Salfen is not one to whine about his situation. He will take what he has and try to make the best of it, but when a young man shows up for the first time, says he has played and after 10 minutes Salfen can see otherwise, he shakes his head.
“It has happened,” he said. “I asked where they played before and I hear ‘Nintendo,’ or something like that. They think playing a computer game means something.”
All of that might change thanks to help from Kenoi’s efforts and the Department of Energy that has invested in the school with plans to expand the gym, add a weight and wrestling room. Back in 1991, Salfen tried to get some work done on a wet baseball field and drainage was partially installed.
There had been several athletics directors, things got lost in the shuffle and a few years ago the field kept getting worse.

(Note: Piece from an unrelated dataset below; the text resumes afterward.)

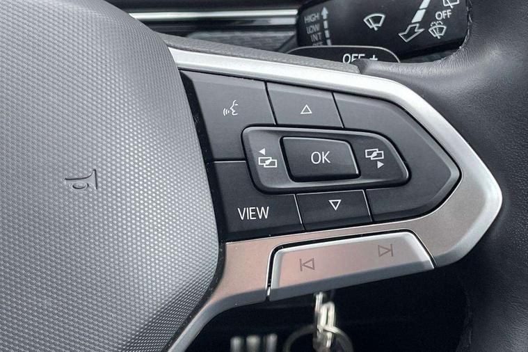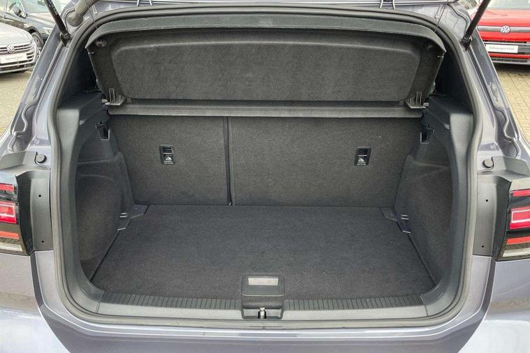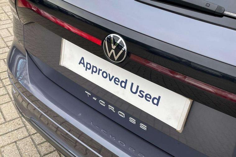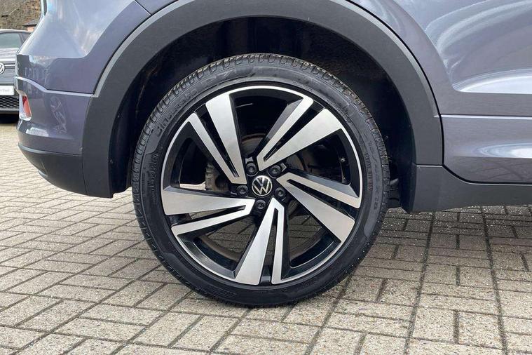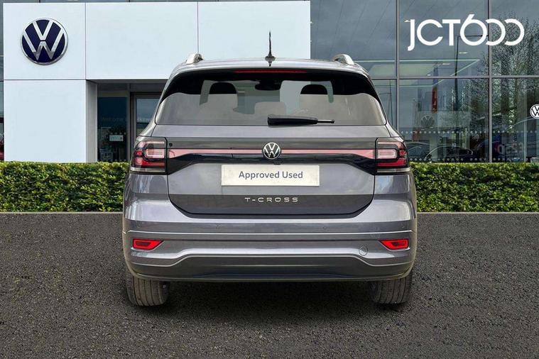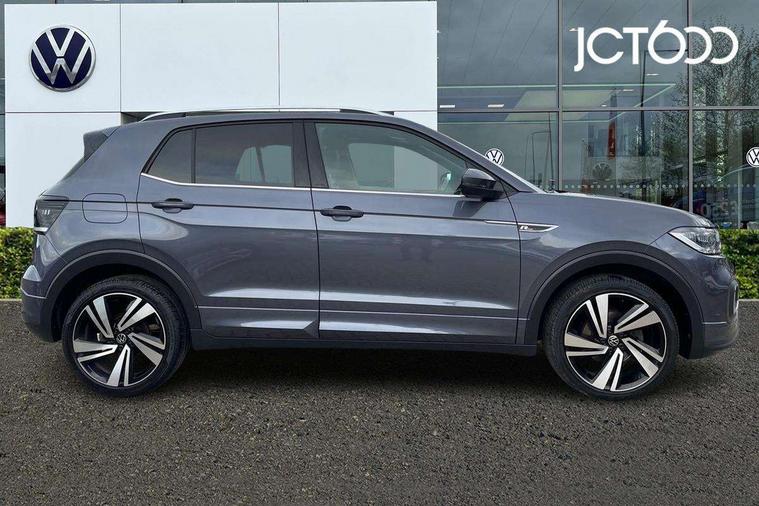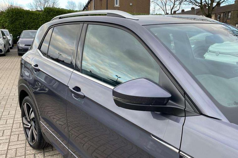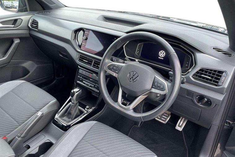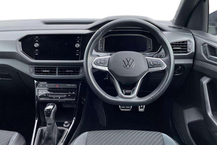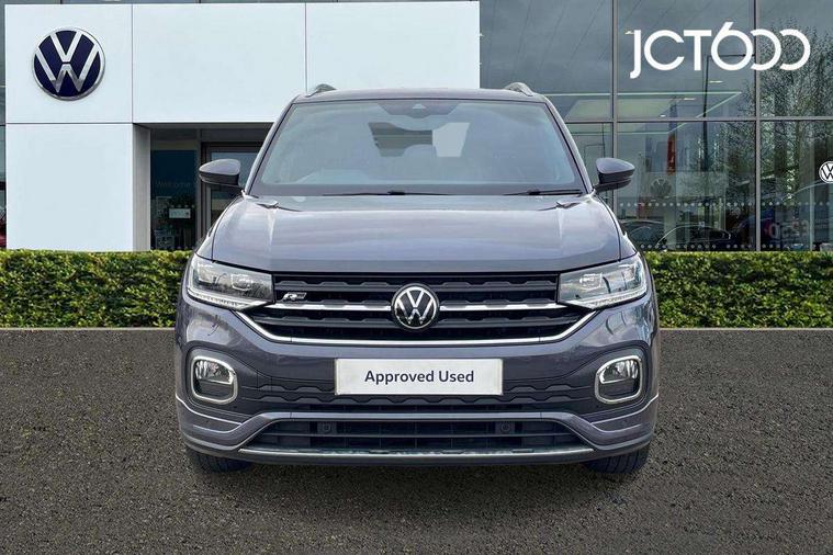 'Lights On' Reminder warning buzzer, 2D/3D map view, Active info display - 10.25" High resolution TFT dash display screen, Adaptive cruise control including front assist, forward collision warning, autonomous emergency braking, speed limiter, Blind spot monitoring, Bluetooth telephone and audio connection for compatible devices, Car information display, Driver alert system, eCall emergency call system, Lane assist, Low washer fluid warning light, Multifunction computer with visual gear change recommendation for fuel consumption, Operating permit alteration, Power assisted speed sensitive steering, Speed limit display, Speedo, rev counter, electronic odometer, trip, service interval display, exterior temperature and fuel gauge, Stop/start system, Warning sound and light for doors and tailgate open, Warning sound and light for front seatbelts unfastened, We connect plus preparation, Wireless Car net app connect with Apple CarPlay, combined functionality of Apple CarPlay/Android Auto and MirrorLink, Battery regeneration during braking, Misfuel prevention device, 2x USB connection with USB charging sockets and in rear centre console, DAB Digital radio receiver, Diversity antenna for FM reception, Multi device interface (MDI) with USB connection, Music playback - MP3, WMA and AAC files, Premium USB cable for Apple or Android smartphone compatibility, Simultaneous pairing of 2 compatible mobile devices, SMS Functionality, Three route options - Fast, Short, Eco, Title and cover art display, Automatic hazard lights activation under emergency braking, Body colour door handles, Body colour door mirrors with integrated indicators, Body colour rear roof spoiler, Body coloured bumpers, Dusk sensor + automatic driving lights, Electrically foldable, adjustable and heated door mirrors with reverse activated kerb view adjustment on passenger's side, Front and rear electric windows, Front fog lights with static cornering function, Galvanised body, Heated rear window, LED third brake light, Lower door sills and door pillars in black, Radiator grille with chrome trim and chrome bezel front fog lamp, Rear fog light on one side, reversing light on both sides, Rear lights incorporating LED technology, Rear side wing doors, Rear tinted glass 65% approx light absorbing from B pillar backwards, Rear window aerial, Rear windscreen washer and wiper with interval delay, Reflectors in all doors, Silver roof rails, Stainless steel door sill protection, Tailgate with integrated roof spoiler, Unique R Line badging, Windscreen wipers/ intermittent wipe + 4 position delay, 12V Accessory socket in centre console, 2 Front and rear reading lights incorporating LED technology, 2 Zone electronic climate control with automatic air recirculation, 3 rear head restraints and 3 rear three point seat belts with ECE label, 3 seat bench in 2nd row, 60/40 split folding rear seat backrest, Ambient lighting and sourround lighting, Black headlining, Branded points of interest, Brushed stainless steel pedals, Carbon flag cloth upholstery, Drawer under drivers seat, Driver and front passenger sunvisor with vanity mirror, Driver's sunvisor with ticket holder, Dust and pollen filter, Front and rear carpet mats with contrast stitching, Front centre armrest with storage compartment, Front footwell illumination, Front seat back storage pockets, Front seat R Line logo with rear seat backrest, Front sports seat with height and lumbar adjustment, Glovebox, Heating and fresh air system with 4 stage blower, Height/reach adjust steering wheel, Instrument lighting white adjustable panel illumination, Interior light with delay, Isofix child seat preparation for 2 rear child seats, Leather trimmed three spoke multifunction steering wheel with contrast stitching and aluminium inserts with R Line logo, Luggage compartment cover, Luggage compartment lighting, Moveable and foldable Rear bench seat, Scuff plates in door apertures, Steering wheel paddle shift, Storage compartment in drivers and front passengers door, Variable boot floor, R Line styling pack - T-cross, Anti-lock Braking System (ABS) with Hydraulic Brake Assist (HBA), Automatic post collision braking system, Driver and front passenger safety-optimised head restraints, Drivers and Front Passengers airbags with front passengers airbag deactivation switch, ESC with EDL, ASR, EDTC and trailer stabilisation function, Front and rear curtain airbags, Front seat side impact airbags, Height-adjustable front three-point seat belts with tensioners, Hill start assist, Pre crash preventive occupant protection, Rear door child safety locks, Rigid safety cell with front and rear crumple zones, Single torn horn, Tyre pressure loss indicator, Volkswagen roadside assistance, Alarm with interior protection and deactivation via infotainment system, Child security locks in rear doors, Electronic engine immobiliser, Remote tailgate unlocking using key fob, Race decorative inserts in dash and doors, 18" Nevada black alloy wheels, Breakdown kit,

Salfen asked a class at school to take on a project for proper drainage of the field. They did the work, submitted an accepted proposal and the county and state finished the job.
“It drains beautifully now,” Salfen said. “Sometimes you just have to ask and stay on the case.”
Goals change at a place like Pahoa. Salfen doesn’t think about wins or playoffs, but he would like to see a .500 season with players coming back for the next year, and there’s another thing, too.
“We try to do all these things to encourage proper play,” he said, “and it starts with not making errors, not throwing the ball around, not giving the other team four, five or six outs. So I told them if they play a game without an error on our team, I buy pizza for everyone.”
He was an assistant at Pahoa in the early 80s, coached at St. Joseph’s from 1993-98 and has been at Pahoa as head coach since 2004 after spending a couple more seasons as an assistant.
That error-free pizza game is out there, somewhere, waiting, it just hasn’t happened yet.
But the times? Thanks to facilities, help from the state and county and Salfen’s own dogged determination to get it done, the times, they are a changin’, in a good way.